第61章 鹤冲天。(第3/6页)

韩银珠擦泪,说:“祖母,我早就知道,你留桂娥在房中,是为了玉娘姑姑,可是这是我孩子,我生的孩子啊。”

老太太心口起伏一下,啐她:“你个不要脸的,也知道何桂娥是你生的孩子,那你怎么把孩子逼成这样了!”

韩银珠:“我什么时候逼过她,还不是好吃好喝的伺候着!你若再强迫,我不如一头撞死得了!”

任由何老太如何骂,韩银珠就是不松口。

实则,何老太也纠结,她在家中一贯雷厉风行,即使如此,也有太多不得美满的事。

诚如韩银珠所说,何桂娥是她孩子,何老太没办法真不经过生身父母授意,让桂娥跟着陆挚云芹走。

若真闹开了,是何老太受人指摘,结果更利于韩银珠。

房内吵了半日,未果,韩银珠就先回去。

经历过何桂娥不去县城那事,她已经想明白,何老太才是何桂娥最大的靠山。

只有把这座靠山扳倒,再去针对云芹,才事半功倍。

所以,她并没着急去找云芹大闹。

云芹也不会主动挑事,韩银珠不闹,她就先静观其变。

另一边,陆挚倒是比云芹更早知道,韩银珠开口要一百两的事。

他让胡阿婆帮忙盯着情况,一回家去厨房时,就得了信。

胡阿婆摇头,忍着怒意,说:“我也是从春溪那听的,家里现在还没别人知道她要这个钱,大爷莫要宣扬,就怕这只是开始,简直、简直把女儿当摇钱树了!”

陆挚语气宽和:“多谢你知会我。”

提着食盒,告别胡阿婆,陆挚眉宇笑意消散,渐渐冷下去。

这几天,他情绪本来就,不好,很不好。

云芹虽说“得想想”,倒也从那日想到现在,当然,他们对话,吃饭洗漱,和寻常并无不同。

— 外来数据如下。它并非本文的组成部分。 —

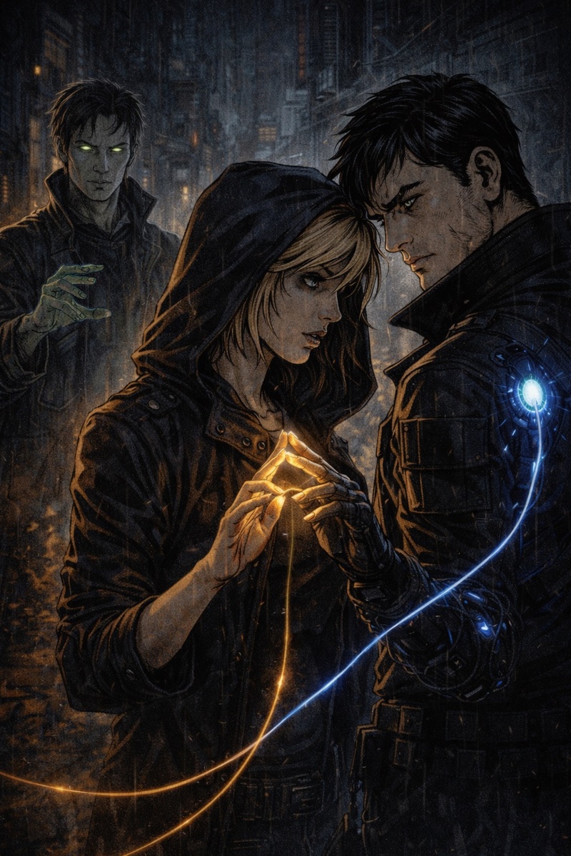 — Чувствую, — ответила Аэлин. — Она… зовёт тебя ко мне. Каэл скрестил взгляд с ней. В его глазах был страх — и что-то новое, почти человеческое: желание быть рядом, несмотря на приказ и опасность. И тогда появился он. В темном углу, между сломанными рекламными голограммами, возник мутант.
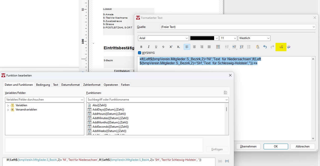 If(Left$(bmpVerein.Mitglieder.S_Bezirk,2)='NI','Text für Niedersachsen',If(Left$(bmpVerein.Mitglieder.S_Bezirk,2)='SH','Text für Schleswig-Holstein',''))

可是到了晚上,她就一卷被子,背对自己,就睡着了,叫他只能盯着她圆润的后脑睡觉。

由着心情,陆挚倒也不打算和大房的客气。

转瞬间,他就清楚,该如何对付韩银珠的漫天要价。

隔日,他同私塾请了假,上县城。

县衙里,汪县令依然不在,小吏说:“秀才来的不巧,大人下村里,去看秋收前的情况了。”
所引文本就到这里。